08/05/2011 10:48 am ET Updated Oct 05, 2011

Does the Tea Party Love the Constitution?

Who would the Founding Fathers vote for? Not who you think.

In the absence of strong political leadership these days, many activists are going back to basics. Move over Ronald Reagan, Americans are invoking Thomas Jefferson and James Madison in their discourse about the country's direction. Tea Party activists have even dusted off the wigs.

Originalism -- once a rogue splinter of constitutional interpretation -- is gaining ground. Originalism demands that we interpret the constitution in the same way its 18th century authors would have. It's a more provocative position than you think. Is whipping cruel and unusual punishment as prohibited by the 8th Amendment? Today that's an easy one, but not so for the Colonial American. So does Justice Clarence Thomas -- a self-styled originalist -- share the view that forty lashes would be constitutional?

But here's the ironic part. Many conservatives today -- even some so-called originalists -- are not as true to a constitutional drafter's intent as they think. Let me go a blasphemous step further. A liberal, in some cases, might be truer to the 18th and 19th century constitutional ethos than a Tea Partier in full regalia.
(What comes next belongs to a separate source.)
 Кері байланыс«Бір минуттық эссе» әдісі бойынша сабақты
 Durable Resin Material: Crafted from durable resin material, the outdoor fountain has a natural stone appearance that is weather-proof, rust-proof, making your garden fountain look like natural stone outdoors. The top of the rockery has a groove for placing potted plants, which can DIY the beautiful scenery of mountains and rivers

Let me give you two examples.

As odd as it sounds, it's the whole debt limit thing that got me thinking. The central pickle is that in 1917, Congress said yeah, sure, the U.S. can borrow. It can borrow a lot. But it can't ever, EVER borrow as much as X. And every once in a while, the U.S. needs to borrow more than X. So Congress raises the debt ceiling. Unfortunately, it's happened dozens of times since the '60s. And in budgeting for 2012, Uncle Sam needed to borrow more than the debt ceiling. No surprise there. But this time, the Tea Partying House said, Not so fast, prez. You better cut your spending.

And so this game of chicken began. But amid all the financial pyrotechnics there's this itsy-bitsy constitutional clause, buried in the 14th Amendment of the U.S. Constitution. It says, "The validity of the public debt of the United States, authorized by law, including debts incurred for payment of pensions and bounties for services in suppressing insurrection or rebellion, shall not be questioned." They put this in so all the Civil War veterans and bondholders wouldn't get shafted. Who would shaft them? That's right, all the Southern representatives stepping back into the House of Representatives from the states that just tried to secede.
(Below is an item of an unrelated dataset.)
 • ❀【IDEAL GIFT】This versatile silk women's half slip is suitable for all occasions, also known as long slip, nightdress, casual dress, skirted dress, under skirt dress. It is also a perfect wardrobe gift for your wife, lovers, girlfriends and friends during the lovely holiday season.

But in a larger sense, the amendment said that fooling with debt couldn't be a political weapon. You can't hold the budget hostage. Uncle Sam must pay his bills -- no matter what. And yet, some originalists were pushing Representative John Boehner to let the U.S. default. That's not just ignoring the intent of the drafters of a Constitutional amendment. That's a slap in the face.

But that's not nearly as interesting as the ol' Privileges and Immunities Clause in Section 1 of the 14th Amendment. That was drafted to protect newly freed slaves. It says, "No State shall make or enforce any law which shall abridge the privileges or immunities of citizens of the United States."

So what exactly do these privileges consist of? John Thayer, an 1866 senator from Nebraska and one of the framers of the amendment, meant for it to include "civil rights and immunities," such as sitting on a jury, voting, even running for office. And, of course, the right of oyster fishing. But many originalists spent the next 100 years gutting the thing through judicial interpretation. Especially to make sure blacks and women couldn't vote.

So, who is closer to the original spirit of the Constitution? Those who want America to pay its obligations while expanding social welfare and rights of political participation, or those who fiercely guard our treasury using imitation muskets bought at the Colonial Williamsburg giftshop? You tell me. Just don't let anyone pull a wool wig over your eyes.